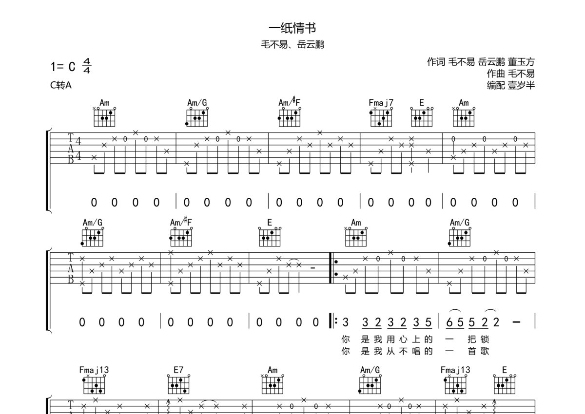 毛不易、岳云鹏《一纸情书》吉他谱 - C调弹唱六线谱
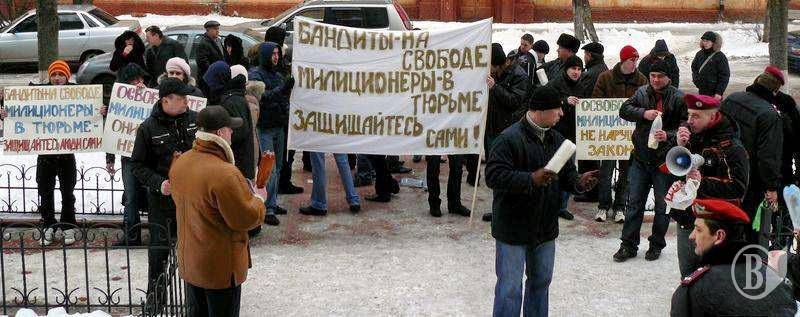 „Отпустите милиционеров на подписку о невыезде” – с таким лозунгом 26 февраля около Черниговской областной прокуратуры состоялась акция протеста семей работников органов внутренних дел.
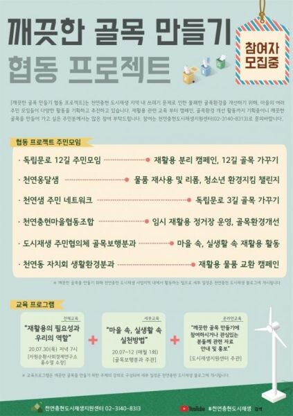 또한 ‘천연충현 마을협동조합’이 임시 재활용 정거장 운영과 골목환경개선 ‘천연충현 도시재생주민협의체 골목보행분과’가 마을 속, 실생활 속 재활용 활동 천연동 주민자치회 생활환경분과가 재활용 물품교환 캠페인을 각각 펼친다.
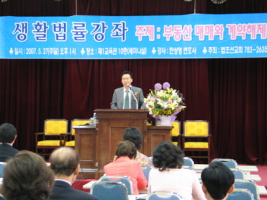 5¿ù 27ÀÏ Á¦1±³À°°ü ¼¼¹Ì³ª½Ç¼ (»ç)¼øº¹À½½Ç¾÷Àμ±±³¿¬ÇÕȸ ¹ýÁ¶¼±±³È¸(±è±¤ÀÇ Àå·Î)°¡ Áö³´Þ 27ÀÏ ¼ºµµµéÀ» À§ÇÑ ¹ý·ü°Á¸¦ ÁøÇàÇß´Ù. 102ȸ¸¦ ¸ÂÀº À̹ø °Á¿¡¼´Â ÇÑ.... ¤Ó¿ÀÁ¤¼± ±âÀÚ 2007-06-01
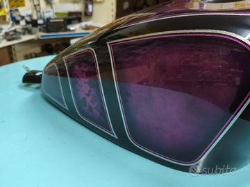 Verniciatura professionale Metal Flake viola/nero con dettagli grafici custom di alta qualità, effetto brillante e profondo.
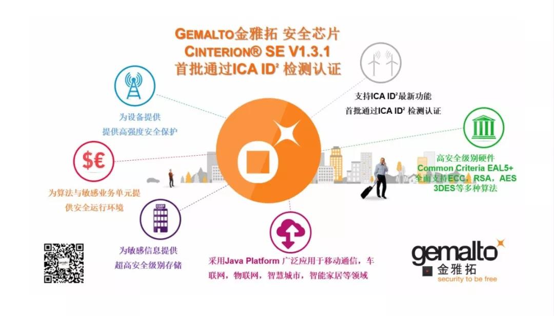金雅拓一直致力于為物聯網安全保駕護航,并作為ICA(IoT 合作伙伴計劃)聯盟1理事成員,出席本次盛會,與科技大佬們共享經驗,共促物聯網的蓬勃發展。本次大會發布了首批通過ICA ID2檢測認證2的安全芯片產品,金雅拓Cinterion® SE 安全芯片成為首批通過檢測認證的高安全級別產品。
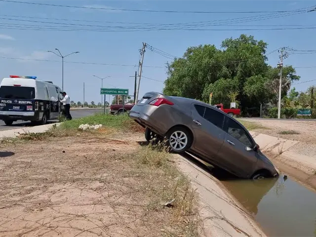 Gran susto se llevó el conductor de un vehículo la mañana de este sábado, al chocar contra el camellón central presuntamente tras tronarle un neumático, pero terminó dentro de un canal de riego cerca del entronque ha elegido Benito Juárez, en Ahome.

» What you are asked to do
The answer must be the full listing, exact in every line, with the pictures removed.

» Written answer
 毛不易、岳云鹏《一纸情书》吉他谱 - C调弹唱六线谱
 „Отпустите милиционеров на подписку о невыезде” – с таким лозунгом 26 февраля около Черниговской областной прокуратуры состоялась акция протеста семей работников органов внутренних дел.
 또한 ‘천연충현 마을협동조합’이 임시 재활용 정거장 운영과 골목환경개선 ‘천연충현 도시재생주민협의체 골목보행분과’가 마을 속, 실생활 속 재활용 활동 천연동 주민자치회 생활환경분과가 재활용 물품교환 캠페인을 각각 펼친다.
 5¿ù 27ÀÏ Á¦1±³À°°ü ¼¼¹Ì³ª½Ç¼ (»ç)¼øº¹À½½Ç¾÷Àμ±±³¿¬ÇÕȸ ¹ýÁ¶¼±±³È¸(±è±¤ÀÇ Àå·Î)°¡ Áö³´Þ 27ÀÏ ¼ºµµµéÀ» À§ÇÑ ¹ý·ü°Á¸¦ ÁøÇàÇß´Ù. 102ȸ¸¦ ¸ÂÀº À̹ø °Á¿¡¼´Â ÇÑ.... ¤Ó¿ÀÁ¤¼± ±âÀÚ 2007-06-01
 Verniciatura professionale Metal Flake viola/nero con dettagli grafici custom di alta qualità, effetto brillante e profondo.
金雅拓一直致力于為物聯網安全保駕護航,并作為ICA(IoT 合作伙伴計劃)聯盟1理事成員,出席本次盛會,與科技大佬們共享經驗,共促物聯網的蓬勃發展。本次大會發布了首批通過ICA ID2檢測認證2的安全芯片產品,金雅拓Cinterion® SE 安全芯片成為首批通過檢測認證的高安全級別產品。
 Gran susto se llevó el conductor de un vehículo la mañana de este sábado, al chocar contra el camellón central presuntamente tras tronarle un neumático, pero terminó dentro de un canal de riego cerca del entronque ha elegido Benito Juárez, en Ahome.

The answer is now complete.